Here’s what they say in their “big picture” section:

 “One can observe the continuation of a trend in the growth of positive bubbles in the fixed income asset class for the second month. The fraction of stocks diagnosed in a positive bubble state increased this month to exceed 36% compared with 32% last month. Mixed bubble signals still occur only in few commodity indices. We also observe renewed bubble activity in currency pairs.” [source]

Here is the chart where they show the “historical evolution of the fraction of assets within an asset class that show significant bubble signals”:

positive bubble signal is an indication of herding when people start buying because prices go up. A negative bubble signal is an indication of herding when people start selling because prices go down.

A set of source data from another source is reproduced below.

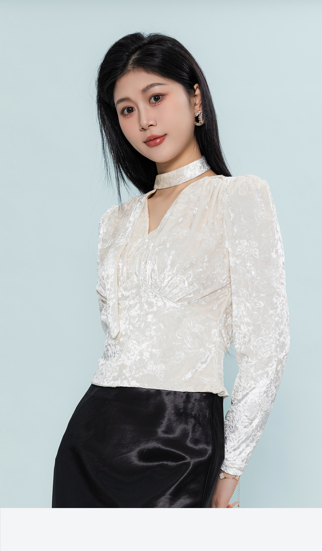 夏上新V领收腰泡泡袖设计感小众气质通勤小衫1262011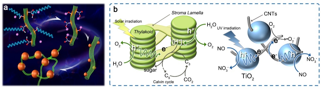 与2015年提出的微波在纳米金属上产生超热表面作用不同的是,该研究首次提出微波在碳纳米管上的限域超热点作用。大多数天然材料,由于其独特的微观结构和不同组分的协同效应,显示出惊人的性能。例如,叶绿体具有复杂的微结构,其中不同组分相互协同,使其成为光合作用的关键。从叶绿体结构中获得灵感,采用碳纳米管作为气固界面的微波吸收天线,合成了类叶绿体结构的碳纳米管非连续串联二氧化钛复合材料。由于串联结构中存在Ti-O-C等键合作用,TiO2上激发出的电子会高效转移到CNT上,并通过CNT 三维导电网络继续传递,实现氧化和还原反应的分离,并显示出高效去除一氧化氮污染物的活性、选择性和稳定性。通过对不同结构样品的对比,团队发现,类叶绿体的非连续串联结构催化材料优异催化性能的关键、在于构筑了双电子通道,即TiO2与CNT间的肖特基接触促进定向的电子传输以及CNT导电网络间的欧姆接触实现平衡电荷转移。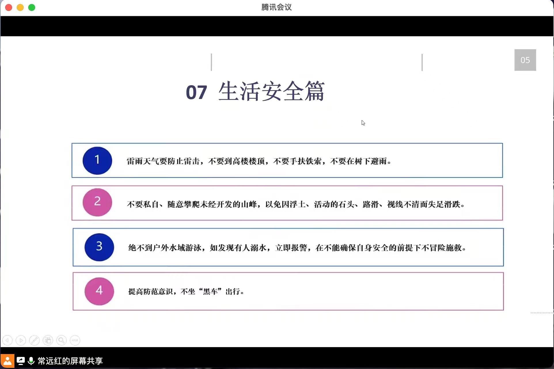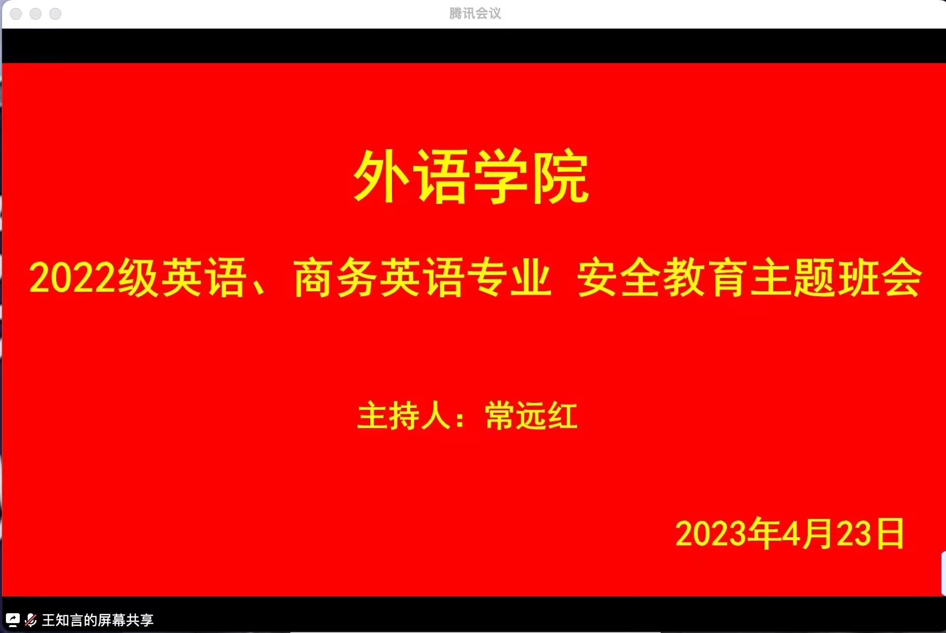 为了增强37000cm威尼斯大学生的安全防范意识,2023年4月23日晚上七点半,辅导员常老师通过腾讯会议召开了以“安全教育”为主题的班会,37000cm威尼斯22级学生全员参与其中,本次班会开展的十分顺利。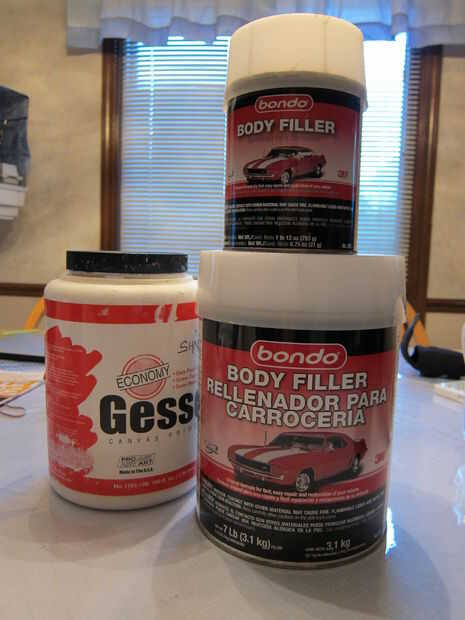Acerca de un galón de Bondo + endurecedor extra (nos sopló a través de contenedores de dos cuartos y entonces dio para arriba y compró un galón. Todavía está con nosotros)

Based on their daily scan of global markets, the Financial Crisis Observatory assigns individual stocks into four different quadrants based on their bubble strength and value score. These four quadrants are then used to create a trading strategy consisting of four different portfolios, which they define as follows (click image to enlarge):

In looking at each of the four portfolios, it appears that the supercomputer was mostly initiating long positions since March. However, starting in June, the researchers note that there has been a rebound in Contrarian Short portfolios in recent weeks:

 “This month, we find that Long portfolios started to develop a drawdown in most portfolios initiated in March, April, May and June 2017. This reflects the stopping of the previously booming markets. Especially, the Contrarian Short portfolios rebounded in recent weeks. Contrarian Portfolios are more delicate to use due to their sensitivity to timing the expected reversal and exhibit very volatile performances, indicating that most of bubbles in the market are still dominating and that fundamentals have not yet played out. We expect trend-following positions to perform in the months following the position set-up and then contrarian positions to over-perform over longer time scales as the predicted corrections play out.”

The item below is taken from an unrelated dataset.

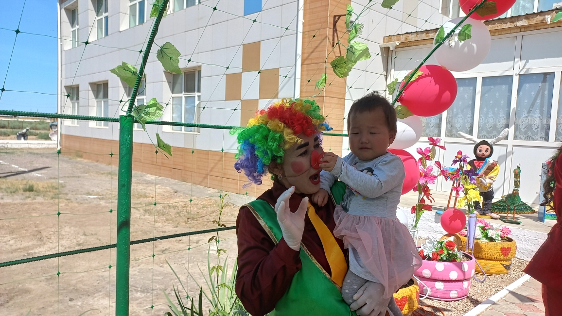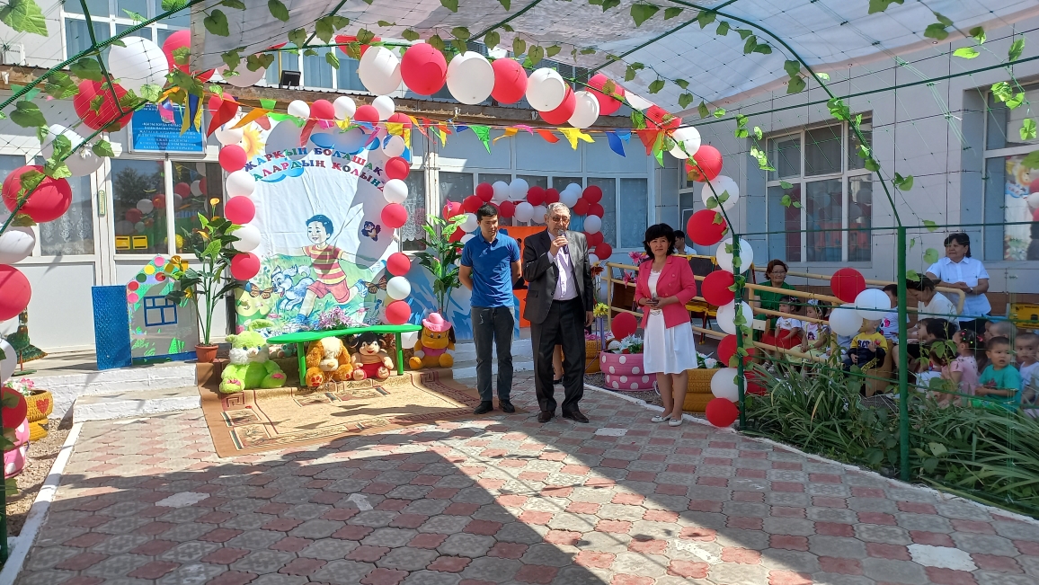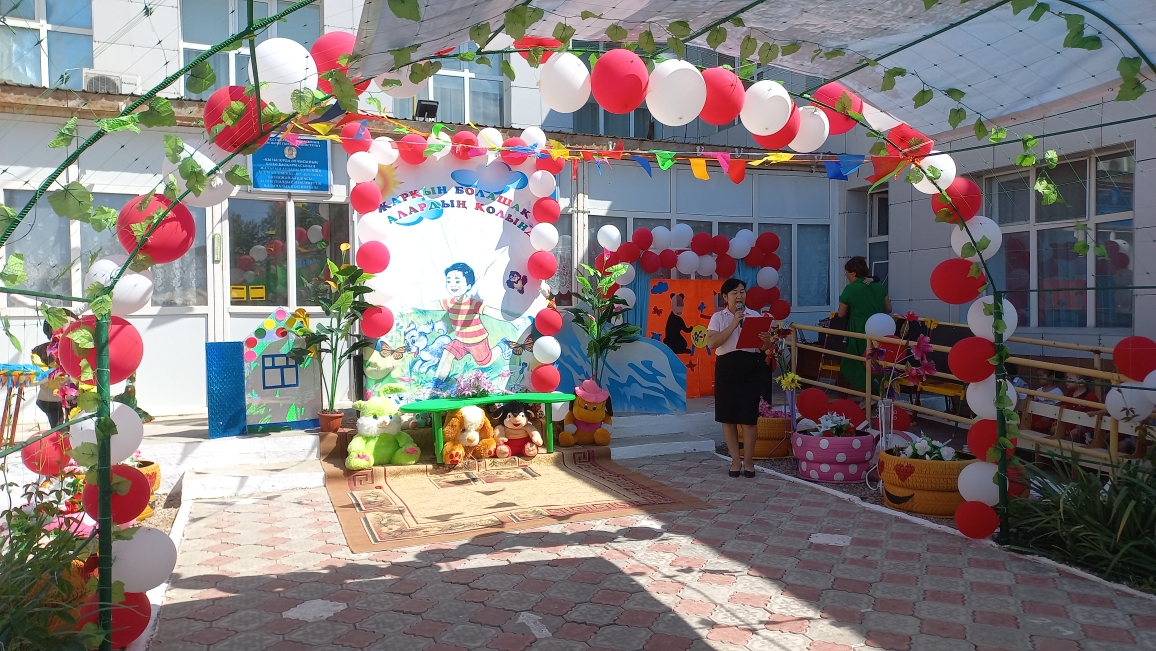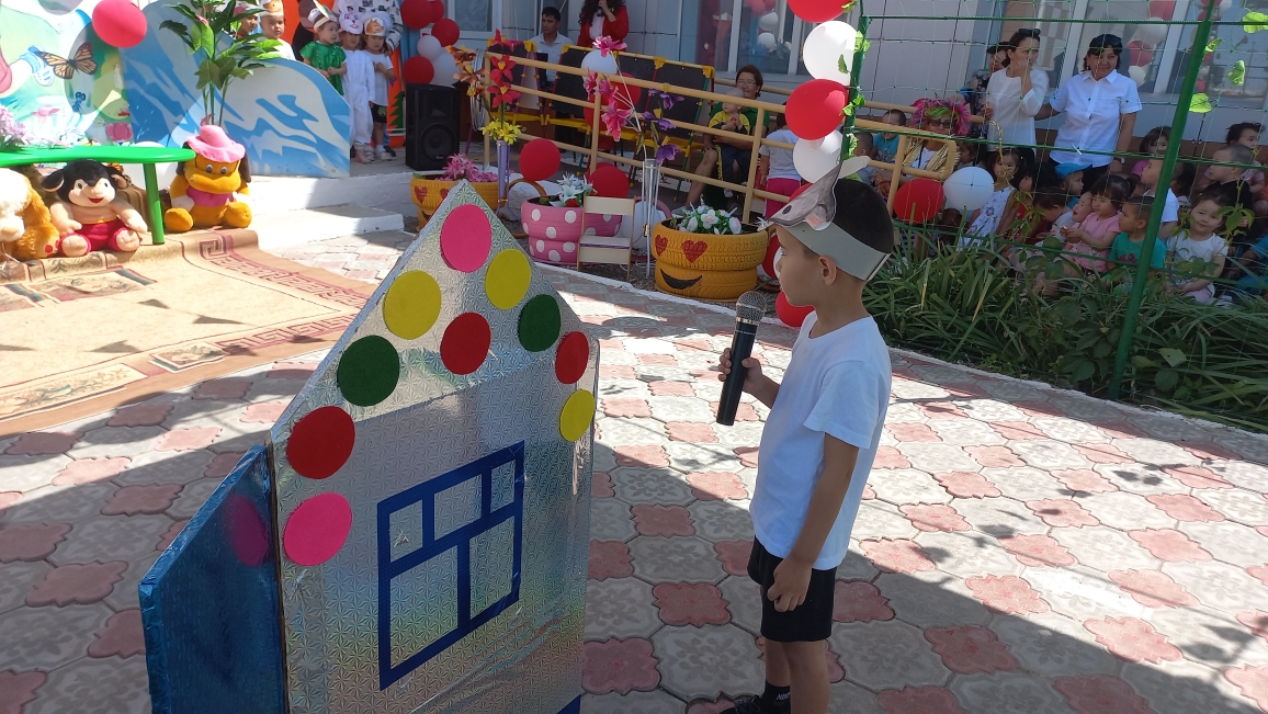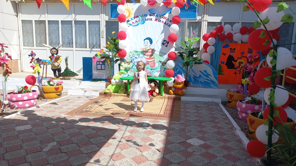 Ашық аспан астында өткен мерекелік шараны бөбекжай-бақшамыздың өнерпаздары Асылхан Томирис пен Ғабит Айбибі "Бал - бала" әнімен ашты. "Мен қазақтың қызымын" әнін Ордабай Гүлсезім, Қуантай Кәусар "Біз өмірдің гүліміз", Марат Нұрислам "Сағындым әже" әнімен жалғастырды. "Құлыншақ" ересек тобының биші қыздары "Сәуле шырақтары", "Балдырған" биін билеп, "Ботақан" ересек тобының тәрбиеленушілері "Үйшік" ертегісін сахналады.

Here is a chart illustrating each of their four portfolios since June with the rebound in Contrarian Shorts shown in green, which they expect to “over-perform over longer time scales as the predicted corrections play out.”

Based on the large and growing list of positions in its Contrarian Short portfolio—which includes the FANG stocks—it would appear that FCO's supercomputer is setting up for some sort of market crash or correction in the months ahead.